▶ TASK STATEMENT
Produce as output only the lines below starting at the line with "注目度比較から、プリンを食べ" and continuing through the line with "From the moment", each one exactly as written.

▶ INFORMATION SUPPLIED
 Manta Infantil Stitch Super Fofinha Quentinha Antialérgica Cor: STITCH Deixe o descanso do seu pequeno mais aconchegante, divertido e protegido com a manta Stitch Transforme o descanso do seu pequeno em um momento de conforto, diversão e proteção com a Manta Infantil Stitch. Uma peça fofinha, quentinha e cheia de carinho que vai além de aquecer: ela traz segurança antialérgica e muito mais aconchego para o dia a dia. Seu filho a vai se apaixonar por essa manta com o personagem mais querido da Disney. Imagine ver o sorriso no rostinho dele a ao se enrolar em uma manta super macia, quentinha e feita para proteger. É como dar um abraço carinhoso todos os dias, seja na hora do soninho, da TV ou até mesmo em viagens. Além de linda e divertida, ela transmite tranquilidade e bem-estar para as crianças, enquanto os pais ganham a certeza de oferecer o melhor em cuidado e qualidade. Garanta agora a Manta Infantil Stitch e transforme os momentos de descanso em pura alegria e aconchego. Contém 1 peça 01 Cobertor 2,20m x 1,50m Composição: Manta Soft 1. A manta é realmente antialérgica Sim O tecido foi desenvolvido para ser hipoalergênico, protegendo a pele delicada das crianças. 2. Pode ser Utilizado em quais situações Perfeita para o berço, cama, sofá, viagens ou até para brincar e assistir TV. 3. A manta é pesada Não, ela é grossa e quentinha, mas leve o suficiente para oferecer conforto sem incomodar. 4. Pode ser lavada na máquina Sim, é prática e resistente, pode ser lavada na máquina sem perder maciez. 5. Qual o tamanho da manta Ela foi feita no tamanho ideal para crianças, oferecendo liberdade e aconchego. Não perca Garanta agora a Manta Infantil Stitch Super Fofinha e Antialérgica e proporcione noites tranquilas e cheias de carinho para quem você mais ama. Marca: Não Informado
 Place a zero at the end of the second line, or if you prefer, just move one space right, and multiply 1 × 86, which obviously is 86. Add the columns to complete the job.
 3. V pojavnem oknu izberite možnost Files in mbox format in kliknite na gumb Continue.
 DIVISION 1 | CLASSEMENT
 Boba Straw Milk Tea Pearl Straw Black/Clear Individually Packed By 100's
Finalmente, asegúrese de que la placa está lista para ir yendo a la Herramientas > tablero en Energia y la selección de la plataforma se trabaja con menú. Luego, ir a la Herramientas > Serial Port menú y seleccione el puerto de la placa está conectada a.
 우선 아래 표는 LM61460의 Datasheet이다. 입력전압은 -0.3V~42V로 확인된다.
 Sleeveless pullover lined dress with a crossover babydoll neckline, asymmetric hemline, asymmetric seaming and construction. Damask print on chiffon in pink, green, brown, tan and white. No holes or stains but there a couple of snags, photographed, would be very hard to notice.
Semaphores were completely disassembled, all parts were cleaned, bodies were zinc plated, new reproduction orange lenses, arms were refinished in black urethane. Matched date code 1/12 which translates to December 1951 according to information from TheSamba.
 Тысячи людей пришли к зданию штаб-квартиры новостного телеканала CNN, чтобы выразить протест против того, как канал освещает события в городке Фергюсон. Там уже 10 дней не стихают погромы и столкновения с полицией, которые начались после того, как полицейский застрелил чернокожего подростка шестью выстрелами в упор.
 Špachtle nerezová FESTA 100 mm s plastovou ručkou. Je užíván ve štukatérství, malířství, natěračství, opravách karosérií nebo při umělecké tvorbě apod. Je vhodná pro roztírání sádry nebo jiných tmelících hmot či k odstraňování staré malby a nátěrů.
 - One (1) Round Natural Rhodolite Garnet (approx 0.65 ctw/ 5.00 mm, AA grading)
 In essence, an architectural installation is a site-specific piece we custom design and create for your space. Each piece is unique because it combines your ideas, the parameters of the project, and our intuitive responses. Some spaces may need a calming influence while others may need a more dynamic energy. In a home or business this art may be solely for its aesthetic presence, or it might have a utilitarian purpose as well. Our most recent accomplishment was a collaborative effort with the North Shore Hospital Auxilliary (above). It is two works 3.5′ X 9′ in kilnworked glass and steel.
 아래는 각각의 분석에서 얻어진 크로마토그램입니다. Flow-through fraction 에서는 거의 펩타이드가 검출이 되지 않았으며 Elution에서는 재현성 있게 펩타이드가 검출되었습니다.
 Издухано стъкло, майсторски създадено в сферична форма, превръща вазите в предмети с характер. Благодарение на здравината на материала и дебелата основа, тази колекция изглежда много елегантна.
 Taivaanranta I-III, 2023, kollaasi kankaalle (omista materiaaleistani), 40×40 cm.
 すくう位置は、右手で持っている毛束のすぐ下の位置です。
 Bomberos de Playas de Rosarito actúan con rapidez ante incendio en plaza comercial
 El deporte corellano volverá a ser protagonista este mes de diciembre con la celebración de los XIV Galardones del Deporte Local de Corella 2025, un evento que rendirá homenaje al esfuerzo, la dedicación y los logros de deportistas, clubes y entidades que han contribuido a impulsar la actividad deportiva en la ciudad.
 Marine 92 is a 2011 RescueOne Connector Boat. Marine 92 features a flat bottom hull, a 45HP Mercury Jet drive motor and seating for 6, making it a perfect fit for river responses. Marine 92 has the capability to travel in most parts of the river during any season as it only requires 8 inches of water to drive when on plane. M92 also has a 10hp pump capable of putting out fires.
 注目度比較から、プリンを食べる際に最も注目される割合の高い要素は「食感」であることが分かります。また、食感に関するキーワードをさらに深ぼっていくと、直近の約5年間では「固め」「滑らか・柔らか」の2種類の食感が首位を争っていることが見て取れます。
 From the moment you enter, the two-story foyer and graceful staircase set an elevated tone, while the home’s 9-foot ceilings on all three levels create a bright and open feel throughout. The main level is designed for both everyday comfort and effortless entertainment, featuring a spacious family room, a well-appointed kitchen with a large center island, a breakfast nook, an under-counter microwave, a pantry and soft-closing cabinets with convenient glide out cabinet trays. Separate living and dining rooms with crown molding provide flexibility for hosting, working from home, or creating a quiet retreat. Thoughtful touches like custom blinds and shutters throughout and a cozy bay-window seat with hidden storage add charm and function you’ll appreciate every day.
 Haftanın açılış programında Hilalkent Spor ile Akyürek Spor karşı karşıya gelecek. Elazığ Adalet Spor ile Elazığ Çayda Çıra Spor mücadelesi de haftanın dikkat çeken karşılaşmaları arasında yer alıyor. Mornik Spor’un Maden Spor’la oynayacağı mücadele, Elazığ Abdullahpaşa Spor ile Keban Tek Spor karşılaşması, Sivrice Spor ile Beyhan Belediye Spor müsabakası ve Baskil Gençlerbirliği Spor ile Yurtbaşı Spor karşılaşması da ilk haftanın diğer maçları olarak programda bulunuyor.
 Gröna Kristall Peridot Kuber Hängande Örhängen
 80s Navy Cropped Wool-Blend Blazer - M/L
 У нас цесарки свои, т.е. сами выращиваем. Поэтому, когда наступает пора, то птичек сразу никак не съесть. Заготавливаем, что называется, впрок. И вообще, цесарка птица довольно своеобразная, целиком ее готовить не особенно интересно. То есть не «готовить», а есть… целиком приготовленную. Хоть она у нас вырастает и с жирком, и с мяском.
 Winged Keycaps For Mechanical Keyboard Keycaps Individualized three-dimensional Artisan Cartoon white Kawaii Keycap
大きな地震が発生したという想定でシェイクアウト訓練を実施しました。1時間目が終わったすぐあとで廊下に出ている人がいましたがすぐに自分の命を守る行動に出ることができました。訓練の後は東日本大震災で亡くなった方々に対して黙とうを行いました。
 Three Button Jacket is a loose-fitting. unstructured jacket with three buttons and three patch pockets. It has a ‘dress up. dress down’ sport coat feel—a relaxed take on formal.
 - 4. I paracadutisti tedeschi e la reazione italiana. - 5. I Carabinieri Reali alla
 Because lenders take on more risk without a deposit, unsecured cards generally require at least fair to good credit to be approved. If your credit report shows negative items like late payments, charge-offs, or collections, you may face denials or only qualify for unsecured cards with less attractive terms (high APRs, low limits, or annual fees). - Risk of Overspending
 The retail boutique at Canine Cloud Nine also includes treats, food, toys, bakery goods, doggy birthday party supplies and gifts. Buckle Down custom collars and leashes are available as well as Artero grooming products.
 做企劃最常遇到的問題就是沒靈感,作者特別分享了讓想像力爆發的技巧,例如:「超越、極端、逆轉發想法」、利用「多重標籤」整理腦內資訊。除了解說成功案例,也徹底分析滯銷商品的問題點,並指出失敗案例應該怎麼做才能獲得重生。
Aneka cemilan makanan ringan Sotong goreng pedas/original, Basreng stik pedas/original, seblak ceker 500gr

▶ EXERCISE ANSWER
 注目度比較から、プリンを食べる際に最も注目される割合の高い要素は「食感」であることが分かります。また、食感に関するキーワードをさらに深ぼっていくと、直近の約5年間では「固め」「滑らか・柔らか」の2種類の食感が首位を争っていることが見て取れます。
 From the moment you enter, the two-story foyer and graceful staircase set an elevated tone, while the home’s 9-foot ceilings on all three levels create a bright and open feel throughout. The main level is designed for both everyday comfort and effortless entertainment, featuring a spacious family room, a well-appointed kitchen with a large center island, a breakfast nook, an under-counter microwave, a pantry and soft-closing cabinets with convenient glide out cabinet trays. Separate living and dining rooms with crown molding provide flexibility for hosting, working from home, or creating a quiet retreat. Thoughtful touches like custom blinds and shutters throughout and a cozy bay-window seat with hidden storage add charm and function you’ll appreciate every day.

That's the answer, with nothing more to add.